Long Covid Memory App Update: What We Built After the Pilot

Calm morning routine with tea, breakfast, and a magazine — the daily rhythm a Long Covid memory app helps support

What we changed in Recallify after listening to participants in our Long Covid pilot study.

By the Recallify Product Team

Last week we published the findings from our two-week pilot study, in which ten adults tested Recallify as a Long Covid memory app. Participants told us in detail what worked, what didn't, and what they wished was different. This post is about what we've shipped in response.
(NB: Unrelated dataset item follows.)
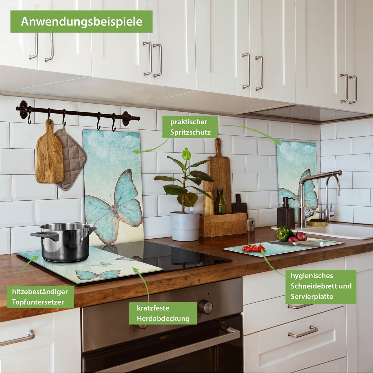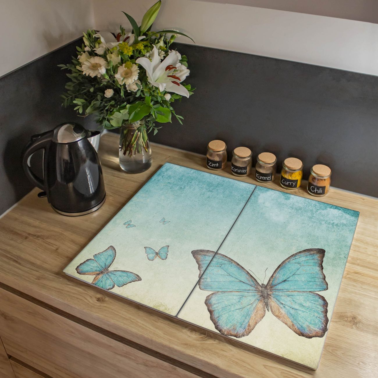 VIELSEITIG: Die Ceranfeldabdeckung ist vielseitig einsetzbar: ob als Spritzschutz hinter dem Herd für Ihre Küche oder als Glas Schneidebrett als hygienische und geruchsneutrale Unterlage. Sie können ebenfalls heiße Töpfe und Pfannen bis 100°C auf der Herdplattenabdeckung abstellen. Sie erhalten ein Multitalent für Ihre Küche. Die banjado Herdabdeckplatte aus Glas mit Motiv Blaue Schmetterlinge verdeckt mit einem schönen Motiv Ihr Ceranfeld bzw. Ihren Induktionsherd. Die Herdabdeckplatte ist vielseitig einsetzbar und passt sich dabei Ihrem Einrichtungsstil an. DESIGN: Die Herdabdeckung Blaue Schmetterlinge besteht aus hochwertigem, gehärtetem Glas mit einem unserer zahlreichen Motive. Sie haben die Wahl zwischen verschiedenen Maßen von einteiligen, zweiteiligen und einer dreiteiligen Herdabdeckung. Wählen Sie was zu Ihrer Einrichtung passt! DETAILS: Die Herdabdeckplatte ist vielseitig einsetzbar. Die Ecken sind für mehr Sicherheit dezent abgerundet, das Glas ist gehärtet. Sie erhalten separate Gummi Abstandshalter, damit Ihre Abdeckung rutschfest auf dem Herd steht. Diese können Sie frei positionieren, sodass die Herdabdeckung perfekt auf Ihrem Ceranfeld sitzt. BANJADO: Wir sind ein kleines Team aus dem Herzen von Sachsen und fertigen jeden Artikel nach Bestellung eigens für Sie an. Sie erhalten also keine preiswerte Importware, sondern Handarbeit. Auf Wunsch sind auch andere Farben und Größen möglich, kontakierten Sie uns gern.

Most of these changes are small. A few are bigger. All of them came directly from things participants said in interviews, in the coaching check-ins, or in the feedback tables in the whitepaper.

What's new in this Long Covid memory app update

This release includes recurring reminders (the most-requested feature from the pilot), a new Today panel on the home tab, a friendlier time picker, system-wide respect for accessibility settings, and a handful of smaller polish improvements. The detail is below.

Recurring reminders are here

This is the change participants asked for most directly. One pilot participant discontinued the study early because they could not set up daily and weekly reminders for their medication. Several others told us in interviews that recurring routines were a core reason they had reached for a memory tool in the first place. Without recurring reminders, Recallify could capture a one-off task or appointment, but it could not yet hold the rhythm of a week.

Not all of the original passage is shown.